Supplied information:
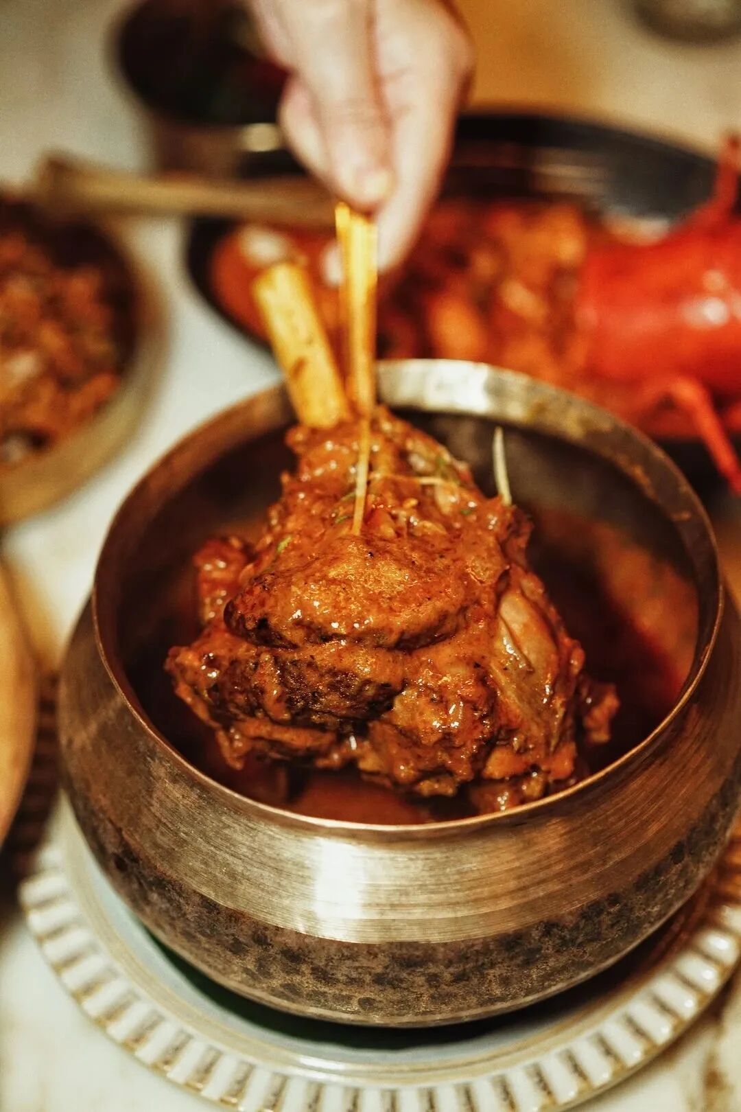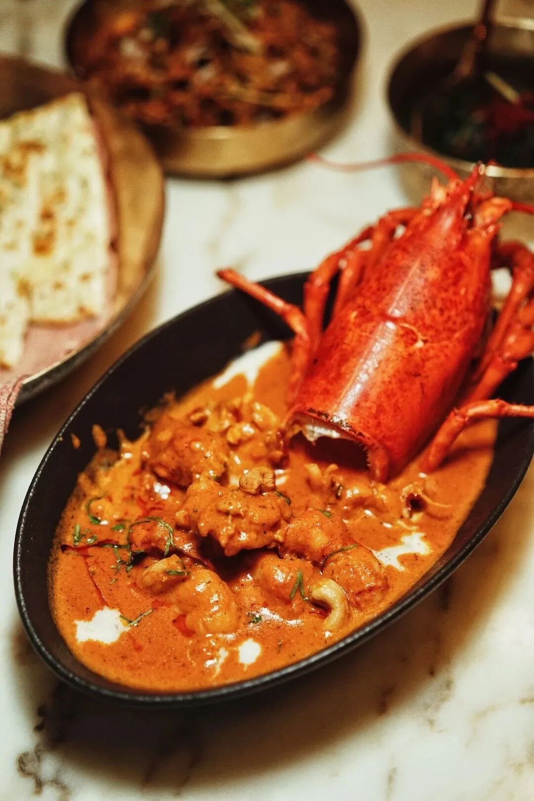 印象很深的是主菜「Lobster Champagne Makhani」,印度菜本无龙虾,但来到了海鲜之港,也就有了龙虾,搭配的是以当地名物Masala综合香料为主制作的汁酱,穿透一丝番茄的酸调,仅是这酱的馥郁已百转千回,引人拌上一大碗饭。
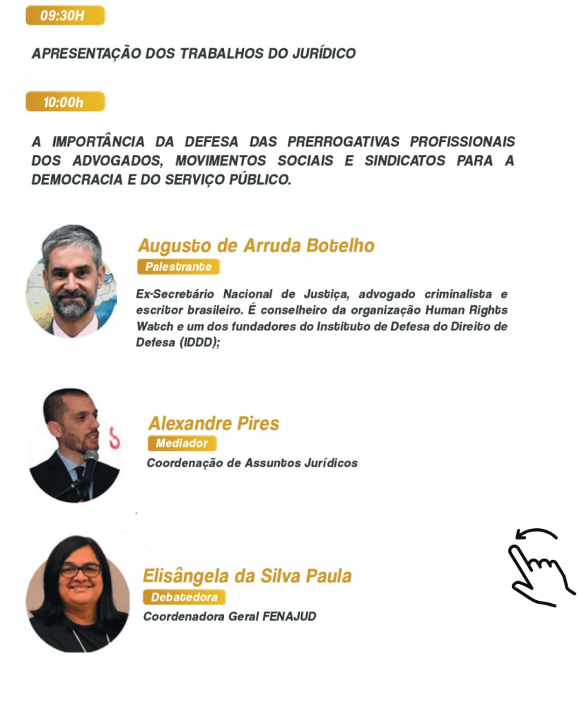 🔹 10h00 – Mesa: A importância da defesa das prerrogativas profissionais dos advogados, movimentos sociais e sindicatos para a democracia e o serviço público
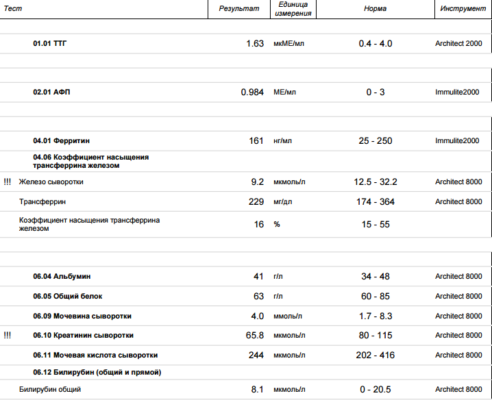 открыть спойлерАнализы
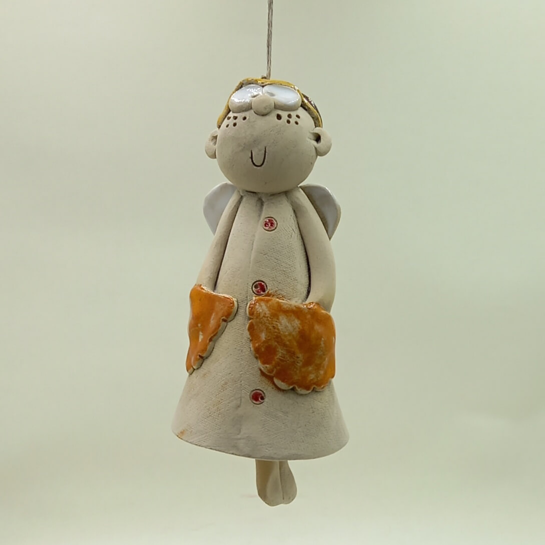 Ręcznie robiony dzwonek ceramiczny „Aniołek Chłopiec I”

Task to complete: Restate word for word the lines from the one containing "открыть спойлерАнализы" through the end of the material above, both included, and nothing besides; drop the pictures.

Exercise answer:
 открыть спойлерАнализы
 Ręcznie robiony dzwonek ceramiczny „Aniołek Chłopiec I”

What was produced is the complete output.